Der Gesamtrechtsnachfolger/Erbe, tritt nach § 45 Abs. 1 AO materiell- und verfahrensrechtlich in die gesamte abgabenrechtliche Rechtsstellung seines Rechtsvorgängers ein[5]; Bindungswirkungen durch die Option des Rechtsvorgängers gelten daher auch für den Gesamtrechtsnachfolger.[6] Davon geht nach den Ausführungen in Abschn. 24.8 Abs. 3 S. 2 UStAE zur Bindung des "Rechtsnachfolgers" offenbar auch die Finanzverwaltung aus. Es ist nicht eindeutig, ob sich die durch die Option des Rechtsvorgängers ausgelöste Bindungswirkung für den Erben ggf. auch auf dessen eigenen bisher pauschalierenden land- und forstwirtschaftlichen Betrieb erstrecken würde (Rz. 292); da sich insoweit Friktionen ergeben könnten und missbräuchliche Gestaltungen nicht möglich sind, schiene es sachgerecht, beim Erben insoweit bis zum Ende dieser fünfjährigen Bindung ein Nebeneinander von Pauschalierung im bisherigen und Regelbesteuerung im geerbten Betrieb zuzulassen. Die Bindungswirkung nach § 24 Abs. 4 S. 2 UStG gilt schließlich auch im Fall der Anwachsung[7], wenn der vorletzte Gesellschafter aus einer Gesellschaft ausgeschieden ist und das Unternehmen durch den verbleibenden Gesellschafter fortgeführt wird.[8]

 

Rz. 294

Eine Ausnahme von der fünfjährigen Bindungsfrist sieht § 71 UStDV vor, der auf der Ermächtigung in § 26 Abs. 1 S. 1 UStG beruht, wonach durch die UStDV u. a. die zeitliche Bindung nach § 24 Abs. 4 UStG verkürzt werden kann. Nach § 71 S. 1 UStDV kann ein Land- und Forstwirt, der nach § 24 Abs. 4 S. 1 UStG zur Besteuerung nach den allgemeinen Vorschriften des UStG optiert hat und die sog. Kleinunternehmerregelung nach § 19 Abs. 1 UStG anwendet, die Option mit Wirkung vom Beginn eines jeden folgenden Kalenderjahrs widerrufen.[9] Dieser Widerruf ist nach § 71 S. 2 UStDV spätestens bis zum 10. Tag nach Beginn dieses Kalenderjahrs zu erklären. Hat der Land- und Forstwirt nach dem Ausscheiden aus der Durchschnittssatzbesteuerung nach § 24 UStG dagegen nach § 19 Abs. 2 UStG wirksam auf die Anwendung der Kleinunternehmerregelung verzichtet, gilt für ihn die fünfjährige Bindungsfrist nach § 19 Abs. 2 S. 2 UStG, was für diese Zeit eine Rückkehr in die Durchschnittssatzbesteuerung ausschließt.[10] S. im Übrigen zum Wechsel der Besteuerungsform Rz. 125.

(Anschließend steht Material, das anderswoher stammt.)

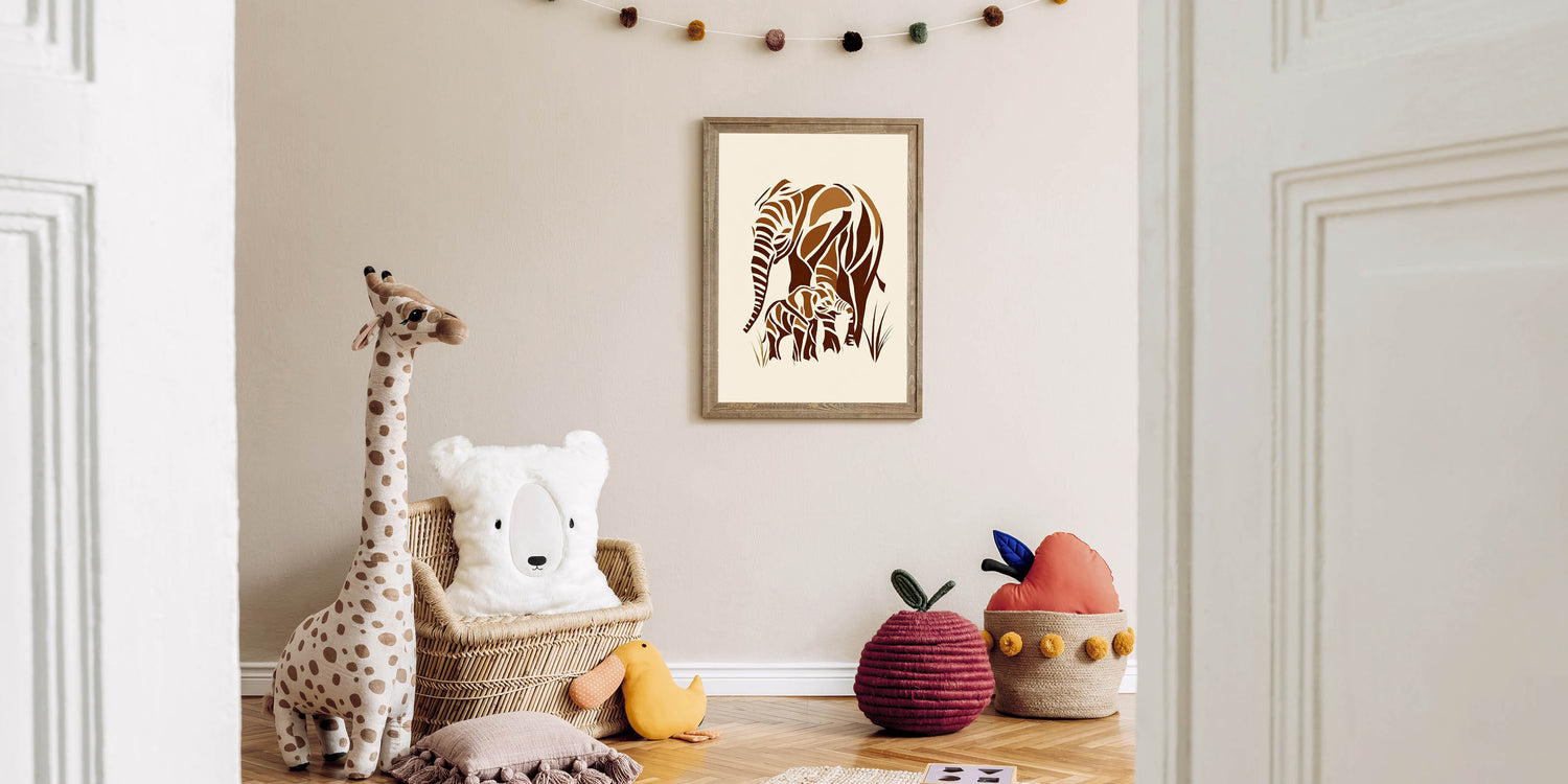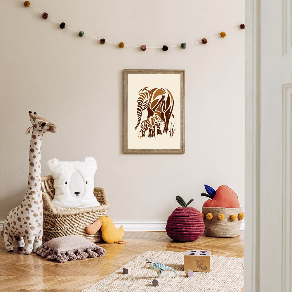 Let the love and warmth of this Safari Elephant Family print create a soothing and adventurous space for your little one!

[2] Bericht des Finanzausschusses des Bundestags v. 30.3.1967, BT-Drs. V/1581, zu § 24 Abs. 4.
[4] BR-Drs. 612/93, zu Art. 15 Nr. 22 Buchst. c.
[6] A.A. OFD Nürnberg v. 16.5.1991, S 7416 – 22/St 43, UR 1991, 211, mit dem Argument, dass sonst der Erbe als Unternehmer in seinen eigenen umsatzsteuerlichen Wahlrechten beschränkt würde – dann wären allerdings ggf. Vorsteuerberichtigungen nach § 15a UStG vorzunehmen, wenn der Erbe für seine Umsätze die Durchschnittssatzbesteuerung anwendet, Abschn. 15a.10 S. 1 Nr. 2 S. 2 UStAE.
[8] OFD Nürnberg v. 16.5.1991, S 7416 – 22/St 43, UR 1991, 211.